Мне — при том, что дружим мы по крайней мере лет сорок, — везет ничуть не больше. Я: «Приезжайте вечером. Попьем чайку, давно не виделись». Она: «С удовольствием, только лучше бы после Пасхи. (Телефонный разговор происходит в феврале.) До конца апреля меня и в Москве-то не будет. Весь март и апрель сплошь разъезды. У меня отчетливо (ее любимое слово) ни одного свободного дня».

Не до «чайка». Не до друзей. Да и не до собственной семьи тоже. Про мужа, добрейшего и надежнейшего, говорит: «Я за ним, как за каменной стеной». Так оно и есть, но в ее устах это скорее фигура речи: каменная стена ей не нужна. Да и не удержит ее никакая каменная стена. До поры до времени.

Свою ответственность перед родными и близкими загруженная делами Екатерина Гениева (привычнее, естественнее — Катя, даже подчиненные — за глаза, конечно, — только так ее и называли), однако, сознавала. В крохотной красной книжечке с золотым обрезом — подробный перечень не только деловых встреч и «домашних заданий», но и памятных дат членов семьи и друзей. Моих детей, давно уже выросших, она неукоснительно, без подсказки фейсбука, поздравляла из любой точки земного шара, как если б они были годовалыми. Соблюдались семейные праздники свято и отмечались на широкую ногу. Стол ломился (И когда успевает?), подарки под Новый год под елкой не умещались. И не формальные (лишь бы подарить), а с тщанием и любовью выбранные, чтобы непременно доставить удовольствие.

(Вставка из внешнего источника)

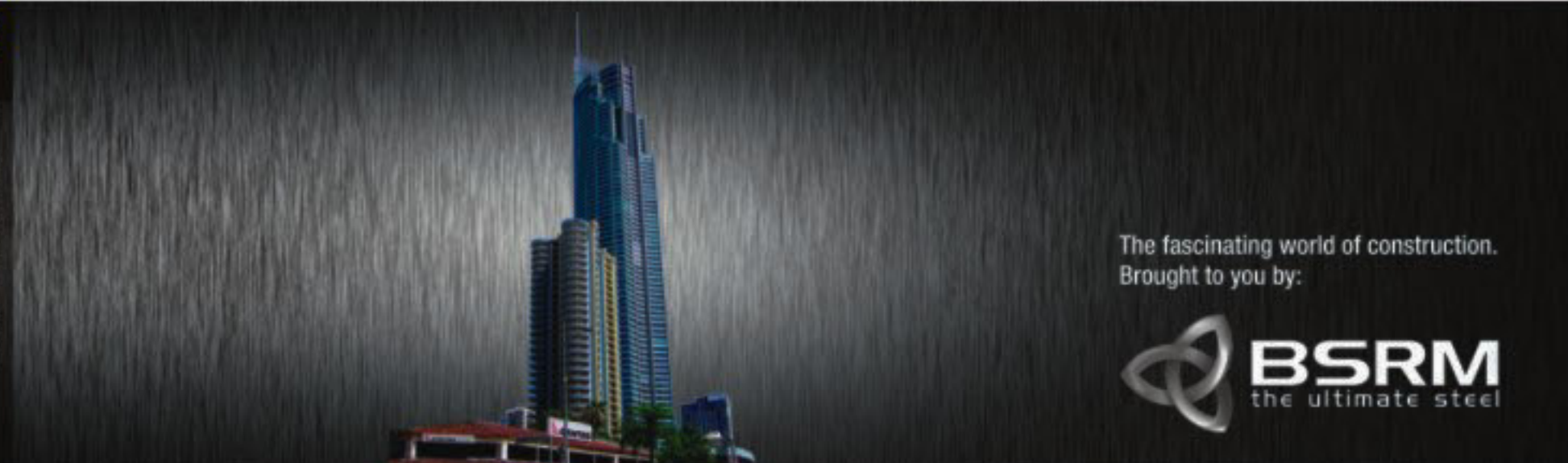
The fascinating world of construction. Brought to you by:

Q1 (meaning Queensland Number One) is a supertall skyscraper located in Surfers Paradise, on the Gold Coast. At 322.5 meters, it is the world's tallest residential tower and the tallest building in Australia and the Southern Hemisphere.

И не только одариваемому, но и себе, дарительнице. Катя любила делать подарки — гораздо больше, чем их получать. И ее подарок — это вовсе не обязательно флакон духов, сумка, авторучка или красивая тарелка на стену. Это могло быть приглашение принять участие в заграничной поездке, вовлечение в интересный проект — библиотечный, книжный, благотворительный. Из ее кабинета в Библиотеке иностранной литературы почти все посетители выходили окрыленными. Окрылены были многие — вот только «взлетали» потом не все. И не «взлетевшие» выражали недовольство, жаловались: не надо было обещать. Но ведь, пообещав, Екатерина Гениева искренне верила в осуществление своих грандиозных планов, «сюжетов», как она их называла: «Интересный сюжет» или «Что-то этот сюжет мне не нравится». Многие, очень многие «сюжеты» она реализовала, но немало было и таких, которые таяли на глазах, куда-то пропадали, забывались. Когда планов и замыслов бессчетное количество, выживают «отчетливо» не все.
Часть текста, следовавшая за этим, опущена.